(Data):

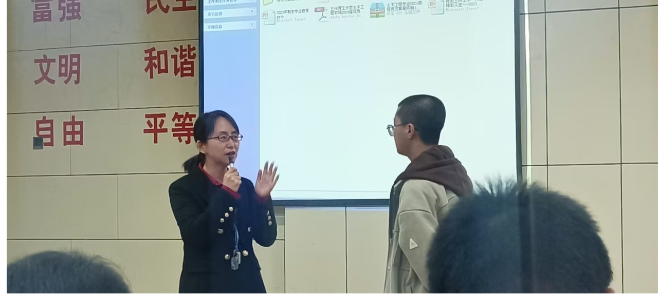 吴长和王永胜从土木工程专业、智能建造专业的历史沿革、学科发展、师资队伍、教学科研成果、人才培养模式、培养方案、未来发展等方面作了详细的介绍。让同学们了解了专业的基本发展情况、培养目标、毕业要求、课程体系、学历提升、就业前景等。同学们表示对专业有了全面的认识,增强了专业认同感。
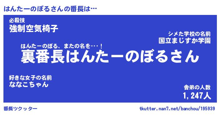 | ポケモン風あだ名 | 『ハンチュウ』『ハンタダネ』 |
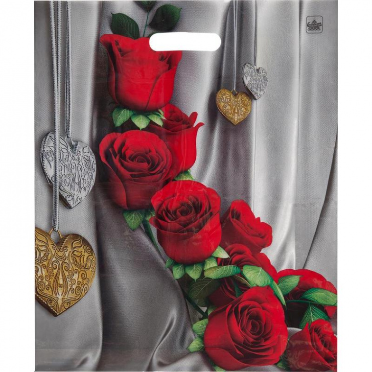 Пакет полиэтиленовый Цветы страсти с вырубной ручкой 45х38 см (50 штук в упаковке)
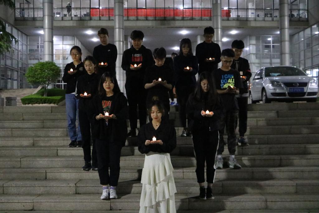 对话汶川,声声诵读共缅怀。5月12日,学生骨干来到弘毅广场,在主持人的带领下,全体默哀,深切缅怀地震罹难者和英勇献身的抗震救灾英雄。默哀结束,学生代表城管171班高威、物流172班张萌欣、营销172班马锦昊和营销162班解文文带来诗朗诵《生死不离》。字字铿锵,句句深情,朗诵引起了同学们强烈共鸣。工业181班周星灿表示:"中华民族历来具有在艰难困苦中不屈不挠、团结奋战的光荣传统,不论多大的灾难,都压不弯她挺拔的脊梁。作为新时代的青年,我们要传承好民族精神,在奋斗中为实现中华民族伟大复兴的中国梦贡献力量。”
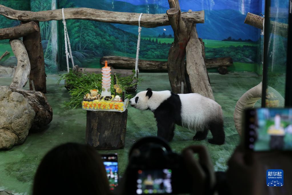 当日,台北市动物园为大陆赠台大熊猫“团团”和“圆圆”的女儿“圆仔”庆祝10周岁生日。
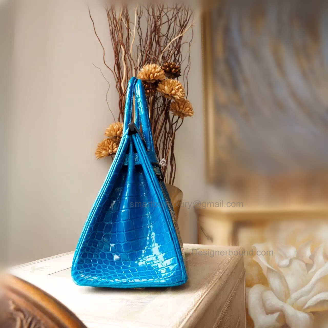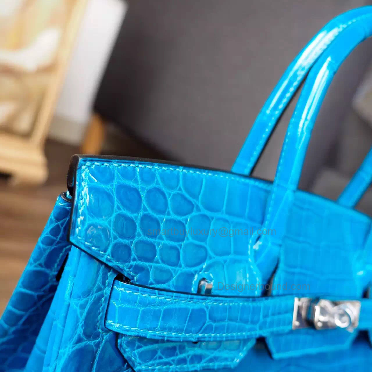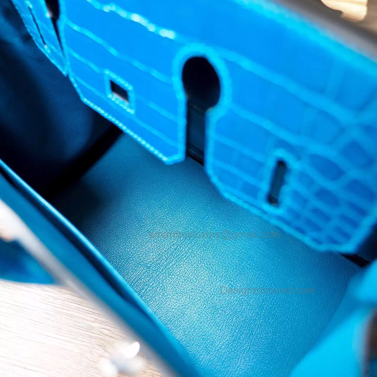 Hand Stitched Hermes Birkin 25 Bag in 7w Blue Izmir Shining Niloticus Croc SHW
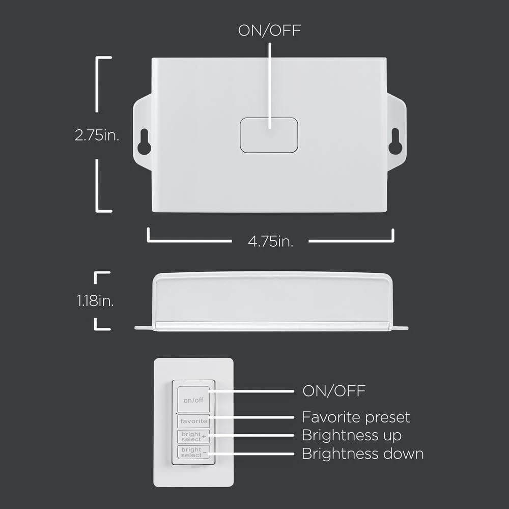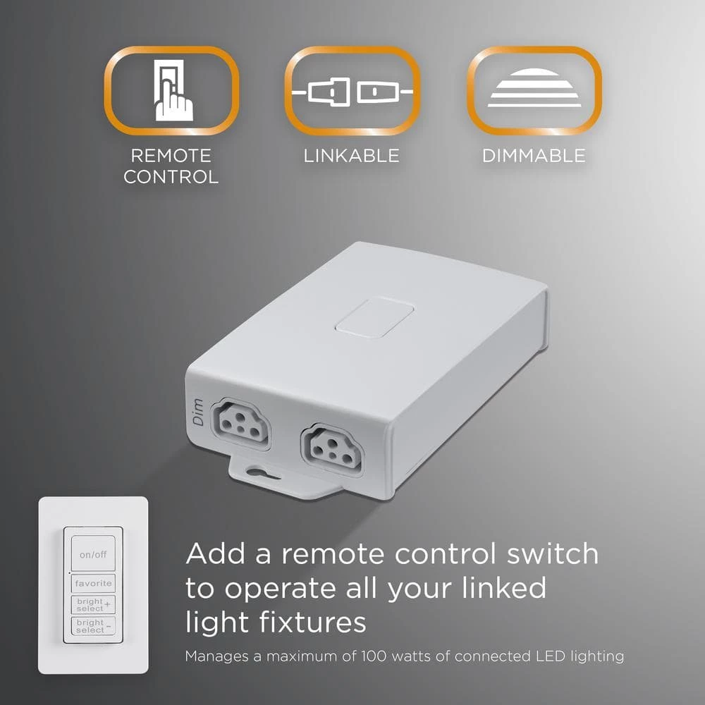 - Remote control switch – use the remote to effortlessly manage your entire setup with an ON/OFF button, full-range dimming and a favorite mode that remembers your preferred brightness level
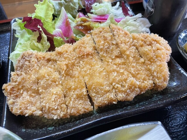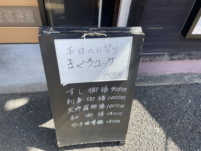 お店の外看板で「本日の日替わり 鮪のヅケ丼」を見て入りました。待つ事しばし、料理が登場。分厚い鮪の切り身がご飯が見えないほどどーんと乗ってます。小鉢とお味噌汁が付いて900円とは今時嬉しいお値段。
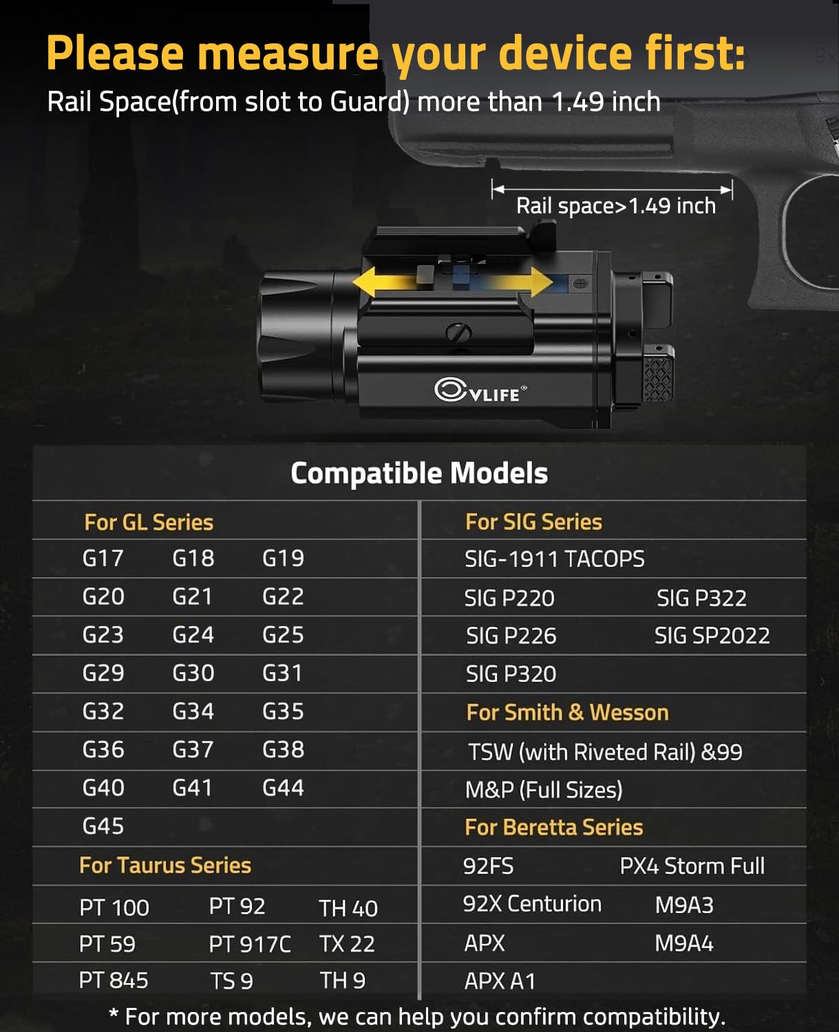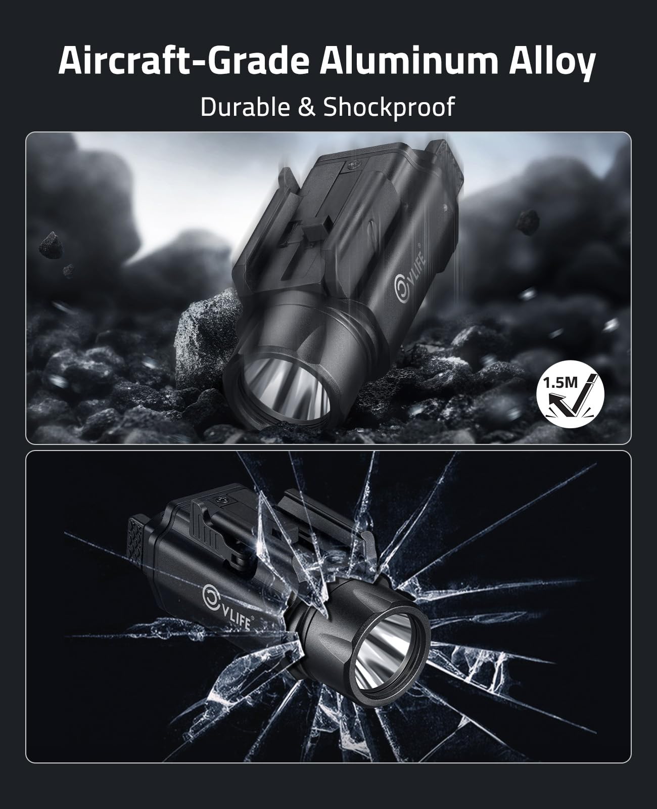 - SOLID & DURABLE - The pistol laser light is made of aircraft-grade aluminum, and the surface is anodized to be more wear-resistant and corrosion-resistant. The pistol light passed 1.5m drop test, which is more solid and durable than plastic gun lights.
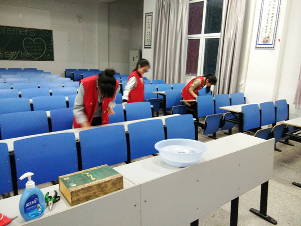 为给我系学生营造一个良好的学习和考试环境,同时增强学生爱护公物的意识,食环系志愿者分会暖风服务队的志愿者们于6月19日来到二号教学楼,主动承担起义务为各个教室里的课桌椅进行一次检修的任务。

(What you need to do):
Retype exactly. Include each line from the start of the material through the line holding "Пакет полиэтиленовый Цветы", and leave the pictures out.

(Answer for this exercise):
 吴长和王永胜从土木工程专业、智能建造专业的历史沿革、学科发展、师资队伍、教学科研成果、人才培养模式、培养方案、未来发展等方面作了详细的介绍。让同学们了解了专业的基本发展情况、培养目标、毕业要求、课程体系、学历提升、就业前景等。同学们表示对专业有了全面的认识,增强了专业认同感。
 | ポケモン風あだ名 | 『ハンチュウ』『ハンタダネ』 |
 Пакет полиэтиленовый Цветы страсти с вырубной ручкой 45х38 см (50 штук в упаковке)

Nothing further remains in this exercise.